The substance is expected to be inherently biodegradable based on evidence from the structurally analogue read-across substance cloro(dimethyl)octadecylsilane (CAS No. 18643-08-8). Thus, biodegradation contributes significantly to its degradation in the aquatic environment and the registered substance does not persist in the environment.
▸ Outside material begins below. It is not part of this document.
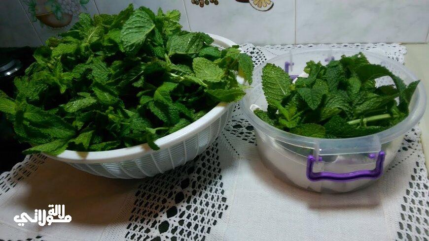 النعناع: للأسف إننا لا نستطيع حفظ النعناع بنفس طريقة البقدونس والكزبرة, وذلك لأن أوراقها تميل إلى الذبلان بسرعة بمجرد تلامسها مع الماء لفترة من الزمن. لذا فأنا اتبع إحدى هاتين الطريقتين لحفظه.

Silanol hydrolysis product hexadecylsilanetriol 

The silanol hydrolysis product hexadecylsilanetriol is characterized by a moderate, estimated water solubility of 4.7 mg/L at 20 °C (QSAR). The silanol hydrolysis product is expected to be inherently biodegradable based on evidence from the structurally analogue read-across substance chloro(dimethyl)octadecylsilane (CAS No. 18643-08-8), which is the parent substance of a structurally very similar silanol hydrolysis product, octadecyldimethylsilanol. Thus, biodegradation contributes significantly to its degradation in the aquatic environment and hexadecylsilanetriol does not persist in the environment. Nevertheless, its potential for bioaccumulation and its affinity to soil and sediment might be high based on its estimated log Kow (5, QSAR) and its estimated log Koc value (5.6 (QSAR). Based on a low predicted vapour pressure of < 1.0E-05 Pa at 25 °C (QSAR) and a low calculated Henry’s Law constant of 5.9E-07 Pa m3mol-1, volatilization from the water phase into the atmosphere is negligible.


Second hydrolysis product hydrochloric acid (CAS No. 7647-01-0)

Hydrochloric acid is well characterized in the public domain. It has a high vapour pressure of 42200 hPa at 20 °C and a high solubility in water (823g/L at 0°C and 673 g/L at 30°C). In the environment, it is expected to distribute into the air and water. In water, it forms the aqueous solution hydrochloric acid.

In air, hydrogen chloride reacts with hydroxyl radicals into chloride free radicals and water (calculated half-life of 11 d). In water, hydrochloric acid readily dissociates into hydrated protons and chloride anions. Thus, it is ionised and neutralisation depends on the buffer capacity of the receiving water. Because hydrochloric acid is an inorganic substance, biodegradation is not a relevant degradation pathway. However, due to its high solubility and readily dissociation in water, it is not expected to accumulate in organisms. The aquatic hazard is mediated by the proton in a concentration-dependent manner (i.e. pH effect) and its potency strongly depends on the buffer capacity of the respective aquatic system. Toxicity only occurs when the buffering capacity of the receiving water is exceeded and pH values fall below pH 6. The pH in rivers and lakes fluctuates within a natural range. The natural pH range in aquatic systems is generally not expected to be perturbed to a relevant extent by anthropogenic emissions when appropriate risk control measures are in place. Variations in effect values of experimental studies can largely be explained by variations in the buffer capacity of the test media (OECD, 2002).



OECD, 2002. Hydrogen Chloride - SIDS Initial Assessment Report for SIAM 15, Boston, USA: UNEP Publications.